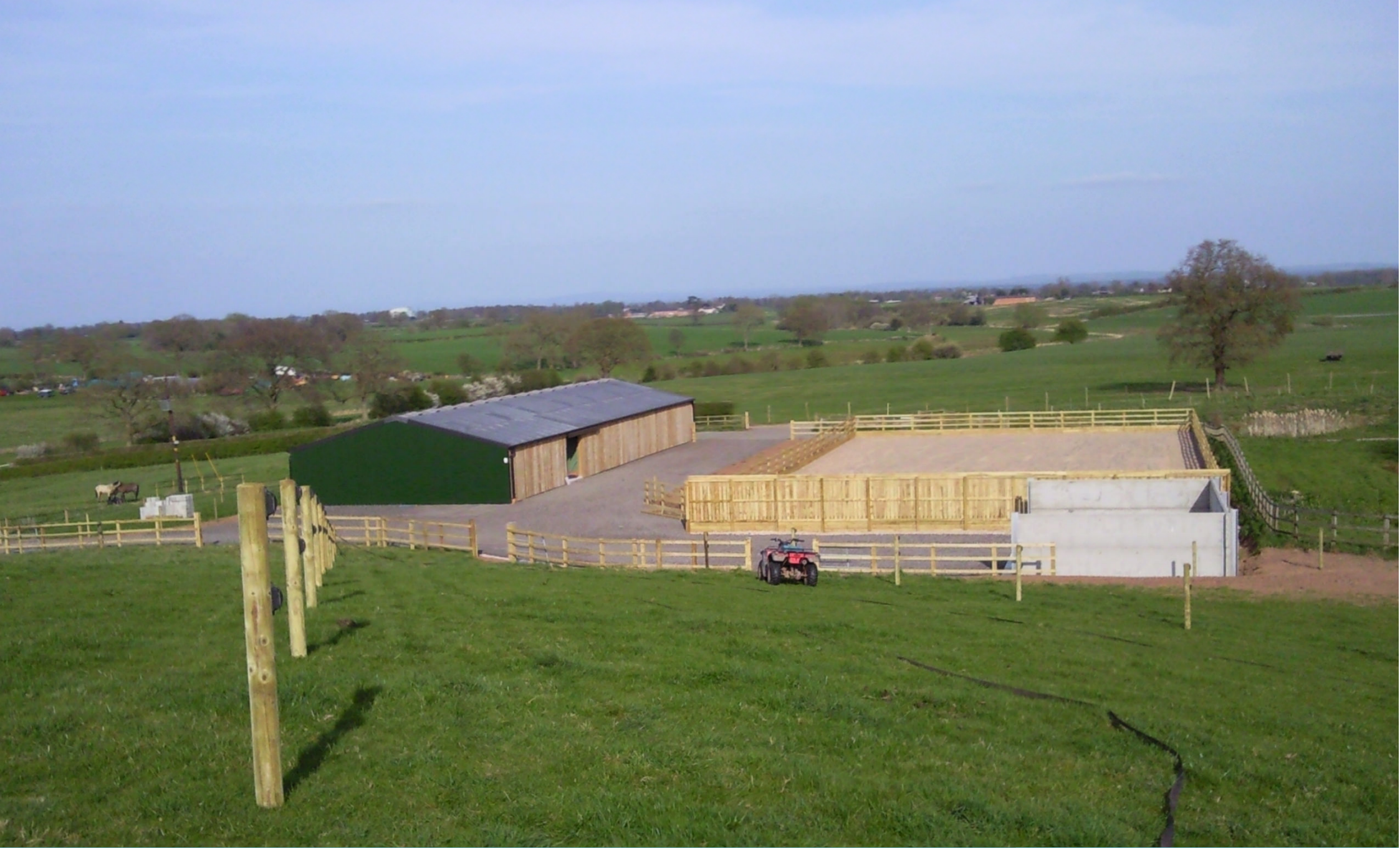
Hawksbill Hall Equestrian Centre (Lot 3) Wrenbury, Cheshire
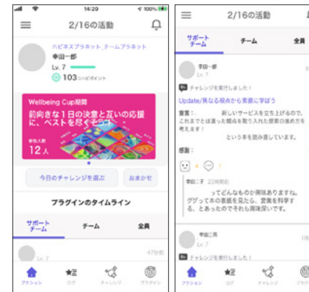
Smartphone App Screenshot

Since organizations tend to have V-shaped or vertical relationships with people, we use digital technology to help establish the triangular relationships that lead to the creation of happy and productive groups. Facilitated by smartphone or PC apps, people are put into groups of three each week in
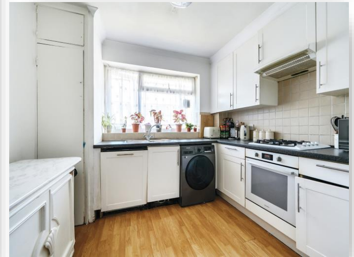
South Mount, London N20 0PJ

[EXERCISE DETAILS]
Print each line above exactly as it appears, excluding all images.

[EXERCISE RESPONSE]
Hawksbill Hall Equestrian Centre (Lot 3) Wrenbury, Cheshire
Smartphone App Screenshot

Since organizations tend to have V-shaped or vertical relationships with people, we use digital technology to help establish the triangular relationships that lead to the creation of happy and productive groups. Facilitated by smartphone or PC apps, people are put into groups of three each week in
South Mount, London N20 0PJ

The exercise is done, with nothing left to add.